趙涼越出了城東長明巷,冒著風雪回到平宣巷時,天色已晚,沿巷的人家已經點了燈。

想到家裏躺著個醉鬼,趙涼越沒有選擇回家,而是直接往旁邊一拐,扣響了隔壁的蕭宅的門,冬蟬開門看到是他,直接帶他進去了。

“你來了。”蕭瑢剛好在,煮著一壺茶看書,擡頭望了眼趙涼越,道,“臉色這般不好,想必今日經歷了諸多。”

趙涼越在蕭瑢對面坐下,經過從城東到城南的一路,此刻心情已經平覆,頭腦異常清醒。趙涼越微微笑了下,道:“還請蕭公子給我一杯茶,外面天寒,且讓我暖暖身。”

蕭瑢微微擡手,冬蟬才慢半拍似的忙奉上熱茶。

趙涼越接過並不喝,捧在手掌中取暖。

蕭瑢似有所料,道:“想必十三年的舊案,你已經知道了個七八成。”

趙涼越回道:“是十成,不過真相只有一成。”

“此話怎講?”

“這一成是我們的執念和堅持,剩下的九成必須用證據證明,否則永遠都是板上釘釘的謀逆。”

蕭瑢放下書卷,笑問:“你打算怎麽做?”

趙涼越略略整理思緒,道:“如果我猜的沒錯,雪枋院和戶部韋星臨大人已經結成聯盟很久了,朝中絕多數都不願意翻起這件舊案,也就只有你們一直在等待時機。”

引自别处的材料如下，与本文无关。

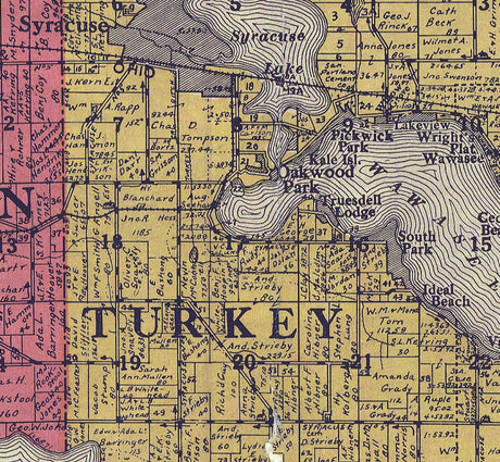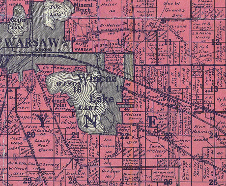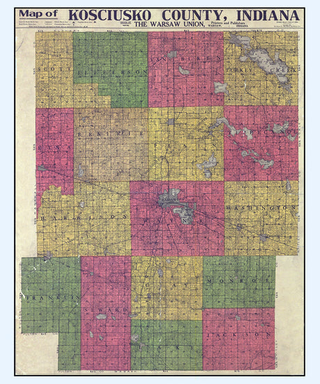 1916 Farm Line Map of Kosciusko County Indiana
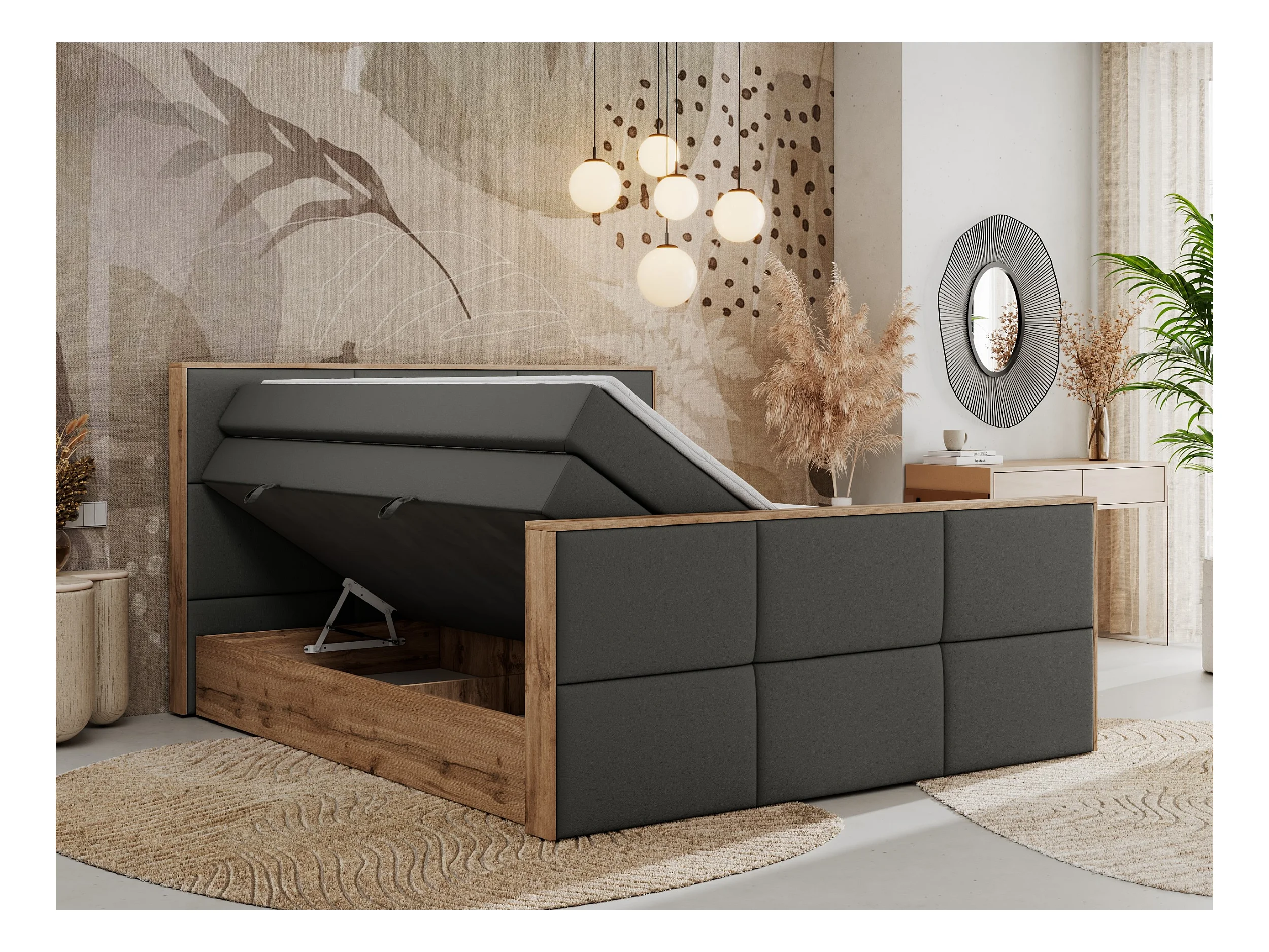 Boxspringbett ALBERO 2 KING DUO - Eiche Wotan Holzrahmen, zwei Multipocket-Matratzen, Bettkästen - 200x200 cm - H3 - Dunkelgrau Kunstleder

蕭瑢此番不再遮掩,直言道:“王大人曾救下我們全家性命,自當銜草結環以報恩。”

趙涼越道:“所以你們一直瘋狂追查兵部和大理寺,甚至想用寧州的事做文章。”

蕭瑢楞了下:“你怎麽知道?”

“我讓柚白查過了。”

“還查到了什麽?”

“現在還無可奉告,但我可以告訴你們,或許從一開始,你們的方向就是錯的。”趙涼越眼神變得犀利,“兵部和大理寺難逃其咎,但真正的問題,出在戶部。”